What you should do. What you should give back is every line from the one containing "勤崴最早以電子地圖、導航軟體" through the last line of the records below, word for word and without pictures.

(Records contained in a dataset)
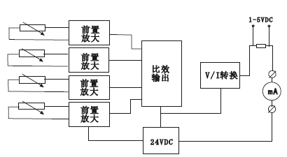 ◆自熱電阻傳感器的測量信號通過前置放大器放大,然后被比較輸入電路(選擇高溫信號)或選點(diǎn)輸入電路選中某一路信號,該信號通過電壓/電流(V/I)轉(zhuǎn)換單元將放大器的輸出電壓變?yōu)?-20A恒定電流輸出,原理方框圖如下圖所示:
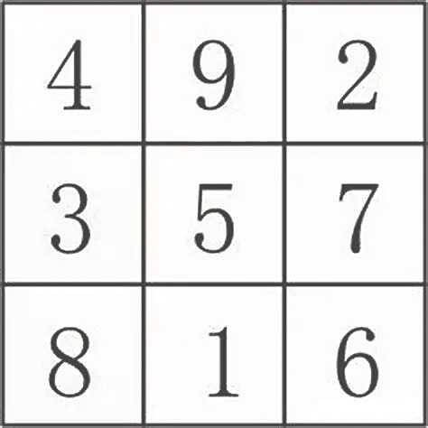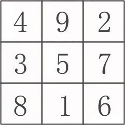 在洛书中,除了纵向、横向和对角线上的三数之和都为15外,四边每侧的两数之差均为5,即上9-4=5、下6-1=5、左8-3=5、右7-2=5。此外,除了居中的5之外,洛书九宫格其他数字可以有规律的左旋或右旋,或上下、前后调换,而纵向、横向和对角线上的三数之和始终是15,由此构成更加复杂的数学魔方,这些都是可以继续探索的。
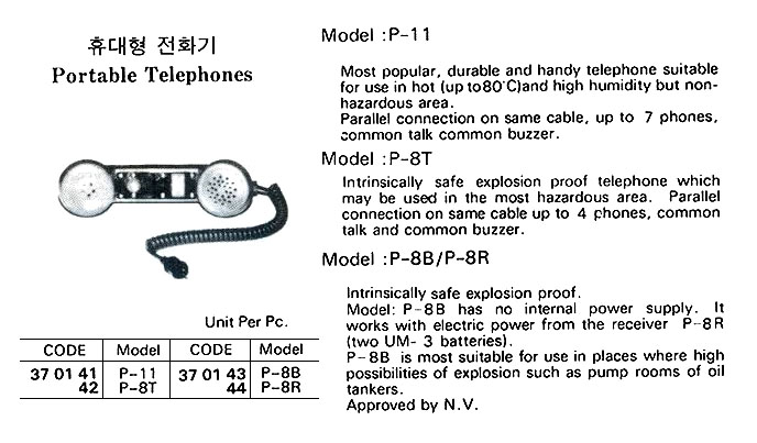 PORTABLE TELEPHONE, MODEL P-8 T INTRINSICALLY SAFE – PC
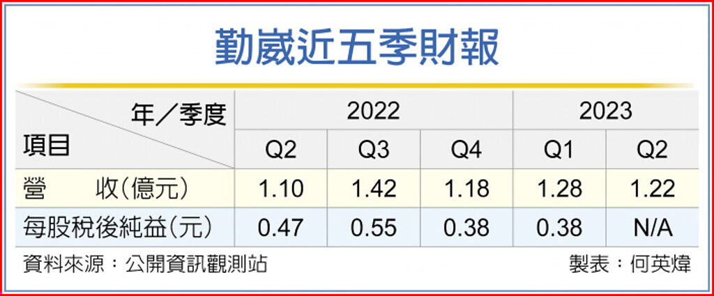 勤崴最早以電子地圖、導航軟體起家,爾後再跨足車聯網平台、路況資訊及自駕車系統等等。該公司表示,隨著5G的成熟,將帶動高精地圖和車路雲等需求。勤崴6月營收0.57億元,年增63.28%,就是受惠於代理產品與中華電信的資料授權的合作。累計前六月營收2.51億元,年增14.08%,業績成長動能之一為中華電信5G專案合作業務所帶動。
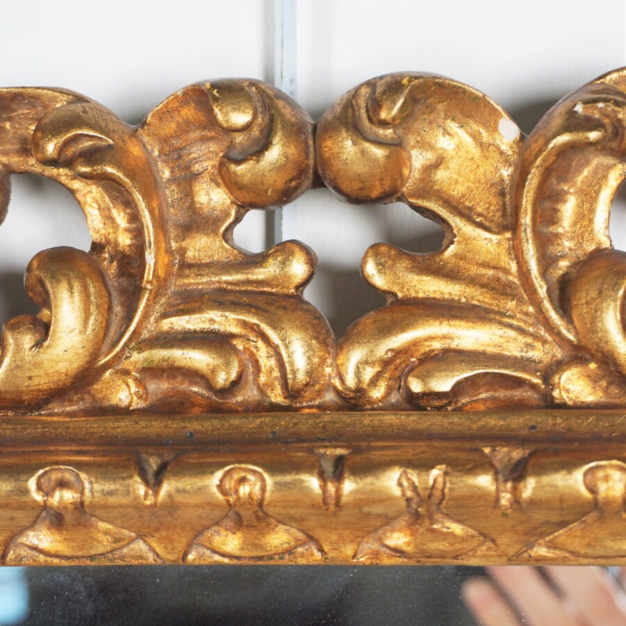 Miroir rectangulaire en bois doré, les bordures à décor de rinceaux feuillagés, travail italien, 71 x 61 cm.
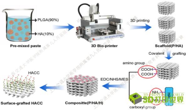 在骨科临床上,大段的骨缺损常伴有伤口的污染或开放,存在较高的感染风险。植入的材料在某种程度上也创造了细菌粘附生长的载体或微环境,细菌可在其表面形成生物膜,而生物膜的形成是感染发生的关键环节。近期,上海交通大学医学院附属第九人民医院骨科汤亭亭教授团队利用3D打印方法,制备了聚乳酸-羟基乙酸共聚物/羟基磷灰石(PLGA/HA)复合多孔生物支架并表面接枝壳聚糖季铵盐(HACC);体内外研究表明,该人工骨组织修复支架不仅具有很好的成骨能力,还兼具良好的抗菌活性。
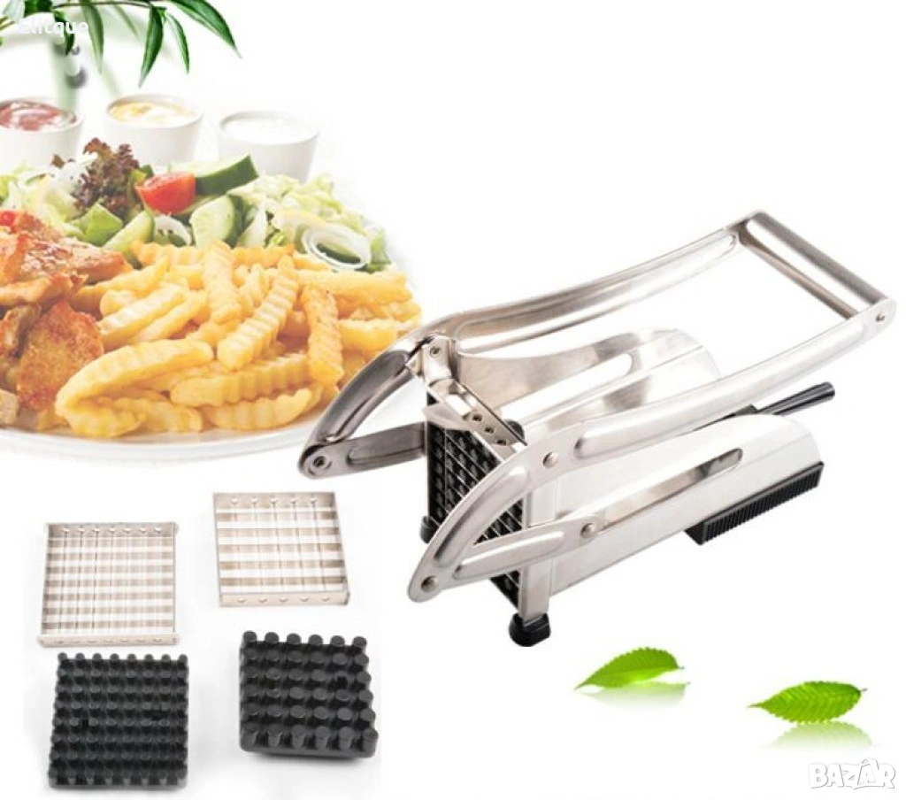 Преса за картофи с две сменяеми приставки от неръждаема стомана Практична и удобна преса за картофи, предназначена за бързо и лесно приготвяне на пържени картофи и зеленчуци с еднаква форма. Благодарение на двете сменяеми приставки можете да избирате различен размер на нарязване според предпочитанията си. Изработена от устойчиви материали с остриета от неръждаема стомана, пресата осигурява прецизно рязане и дълготрайна употреба. Характеристики: 2 сменяеми приставки за рязане Остриета от неръждаема стомана Подходяща за картофи и други зеленчуци Здрава и стабилна конструкция Лесна за използване и почистване Доставка с Еконт с опция преглед до 3 работни дни.
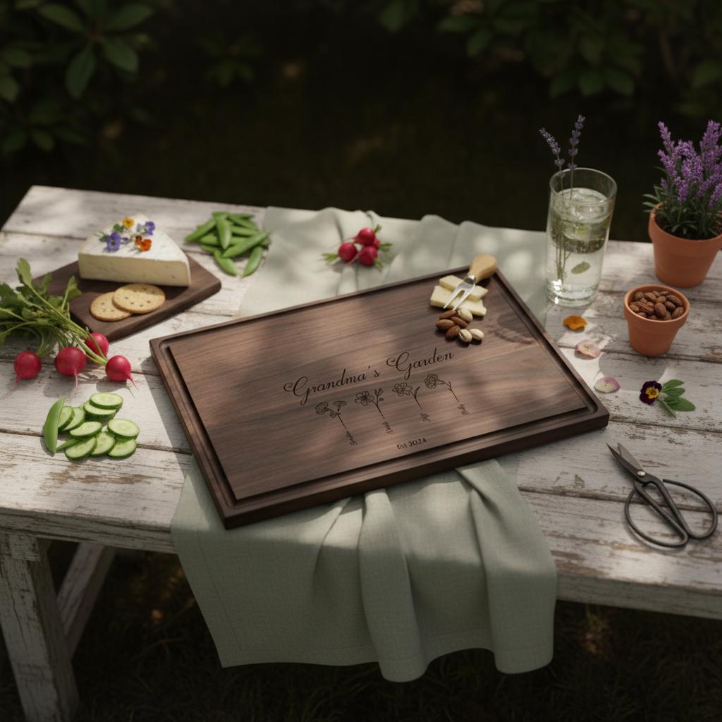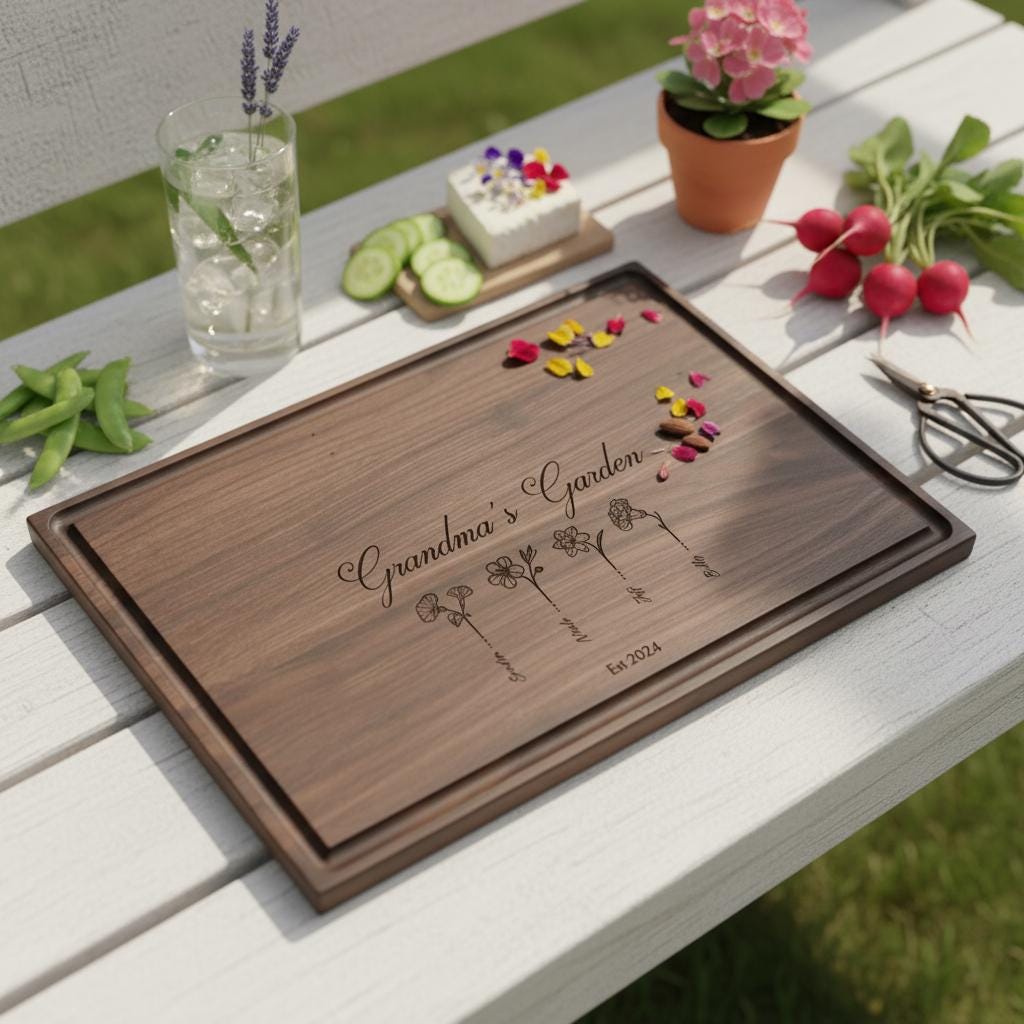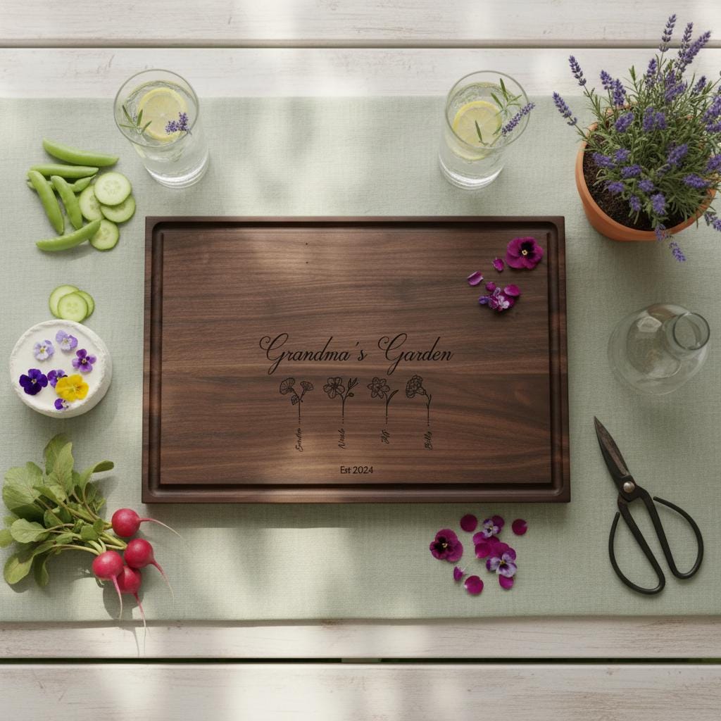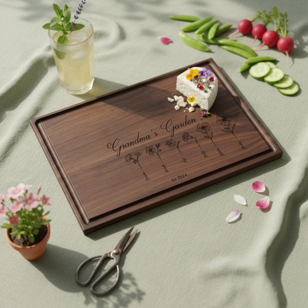 Personalized Grandma's Garden Birth Flower Cutting Board | Custom Wooden Platter for Nana

Reply.
 勤崴最早以電子地圖、導航軟體起家,爾後再跨足車聯網平台、路況資訊及自駕車系統等等。該公司表示,隨著5G的成熟,將帶動高精地圖和車路雲等需求。勤崴6月營收0.57億元,年增63.28%,就是受惠於代理產品與中華電信的資料授權的合作。累計前六月營收2.51億元,年增14.08%,業績成長動能之一為中華電信5G專案合作業務所帶動。
 Miroir rectangulaire en bois doré, les bordures à décor de rinceaux feuillagés, travail italien, 71 x 61 cm.
 在骨科临床上,大段的骨缺损常伴有伤口的污染或开放,存在较高的感染风险。植入的材料在某种程度上也创造了细菌粘附生长的载体或微环境,细菌可在其表面形成生物膜,而生物膜的形成是感染发生的关键环节。近期,上海交通大学医学院附属第九人民医院骨科汤亭亭教授团队利用3D打印方法,制备了聚乳酸-羟基乙酸共聚物/羟基磷灰石(PLGA/HA)复合多孔生物支架并表面接枝壳聚糖季铵盐(HACC);体内外研究表明,该人工骨组织修复支架不仅具有很好的成骨能力,还兼具良好的抗菌活性。
 Преса за картофи с две сменяеми приставки от неръждаема стомана Практична и удобна преса за картофи, предназначена за бързо и лесно приготвяне на пържени картофи и зеленчуци с еднаква форма. Благодарение на двете сменяеми приставки можете да избирате различен размер на нарязване според предпочитанията си. Изработена от устойчиви материали с остриета от неръждаема стомана, пресата осигурява прецизно рязане и дълготрайна употреба. Характеристики: 2 сменяеми приставки за рязане Остриета от неръждаема стомана Подходяща за картофи и други зеленчуци Здрава и стабилна конструкция Лесна за използване и почистване Доставка с Еконт с опция преглед до 3 работни дни.
 Personalized Grandma's Garden Birth Flower Cutting Board | Custom Wooden Platter for Nana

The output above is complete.